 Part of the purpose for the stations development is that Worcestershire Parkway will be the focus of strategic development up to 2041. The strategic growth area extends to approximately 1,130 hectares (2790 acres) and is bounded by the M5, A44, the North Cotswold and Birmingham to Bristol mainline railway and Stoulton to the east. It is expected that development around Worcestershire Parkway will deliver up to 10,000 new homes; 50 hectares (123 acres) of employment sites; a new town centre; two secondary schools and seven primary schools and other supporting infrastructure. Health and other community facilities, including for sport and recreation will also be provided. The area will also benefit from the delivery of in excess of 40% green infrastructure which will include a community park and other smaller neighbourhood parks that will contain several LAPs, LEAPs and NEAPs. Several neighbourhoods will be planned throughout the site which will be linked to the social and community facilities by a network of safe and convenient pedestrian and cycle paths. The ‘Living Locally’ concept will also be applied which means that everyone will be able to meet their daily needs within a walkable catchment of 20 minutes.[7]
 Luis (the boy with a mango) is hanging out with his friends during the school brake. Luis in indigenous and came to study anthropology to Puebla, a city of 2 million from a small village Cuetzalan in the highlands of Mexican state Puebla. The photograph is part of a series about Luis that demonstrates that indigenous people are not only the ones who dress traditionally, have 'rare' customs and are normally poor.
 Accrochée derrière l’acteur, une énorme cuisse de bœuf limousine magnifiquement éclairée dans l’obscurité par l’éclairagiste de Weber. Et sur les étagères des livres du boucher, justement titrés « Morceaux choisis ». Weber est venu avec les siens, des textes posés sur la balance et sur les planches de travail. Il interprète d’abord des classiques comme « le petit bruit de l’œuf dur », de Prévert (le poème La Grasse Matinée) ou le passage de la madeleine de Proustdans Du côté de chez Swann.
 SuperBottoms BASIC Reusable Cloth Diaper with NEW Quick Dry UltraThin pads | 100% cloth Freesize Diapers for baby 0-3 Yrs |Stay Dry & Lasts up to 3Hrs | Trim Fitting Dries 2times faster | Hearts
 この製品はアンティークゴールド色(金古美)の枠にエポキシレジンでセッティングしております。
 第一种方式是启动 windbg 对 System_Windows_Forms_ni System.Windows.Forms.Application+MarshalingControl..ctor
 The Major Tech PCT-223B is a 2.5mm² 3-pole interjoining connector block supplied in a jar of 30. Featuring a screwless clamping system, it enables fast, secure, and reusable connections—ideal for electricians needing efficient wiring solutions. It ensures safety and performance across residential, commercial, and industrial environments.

····················

### YOUR OBJECTIVE
The response must repeat exactly the lines from the top of the material through the line containing "Luis (the boy", both included, with no other output.

### RESULT
 Part of the purpose for the stations development is that Worcestershire Parkway will be the focus of strategic development up to 2041. The strategic growth area extends to approximately 1,130 hectares (2790 acres) and is bounded by the M5, A44, the North Cotswold and Birmingham to Bristol mainline railway and Stoulton to the east. It is expected that development around Worcestershire Parkway will deliver up to 10,000 new homes; 50 hectares (123 acres) of employment sites; a new town centre; two secondary schools and seven primary schools and other supporting infrastructure. Health and other community facilities, including for sport and recreation will also be provided. The area will also benefit from the delivery of in excess of 40% green infrastructure which will include a community park and other smaller neighbourhood parks that will contain several LAPs, LEAPs and NEAPs. Several neighbourhoods will be planned throughout the site which will be linked to the social and community facilities by a network of safe and convenient pedestrian and cycle paths. The ‘Living Locally’ concept will also be applied which means that everyone will be able to meet their daily needs within a walkable catchment of 20 minutes.[7]
 Luis (the boy with a mango) is hanging out with his friends during the school brake. Luis in indigenous and came to study anthropology to Puebla, a city of 2 million from a small village Cuetzalan in the highlands of Mexican state Puebla. The photograph is part of a series about Luis that demonstrates that indigenous people are not only the ones who dress traditionally, have 'rare' customs and are normally poor.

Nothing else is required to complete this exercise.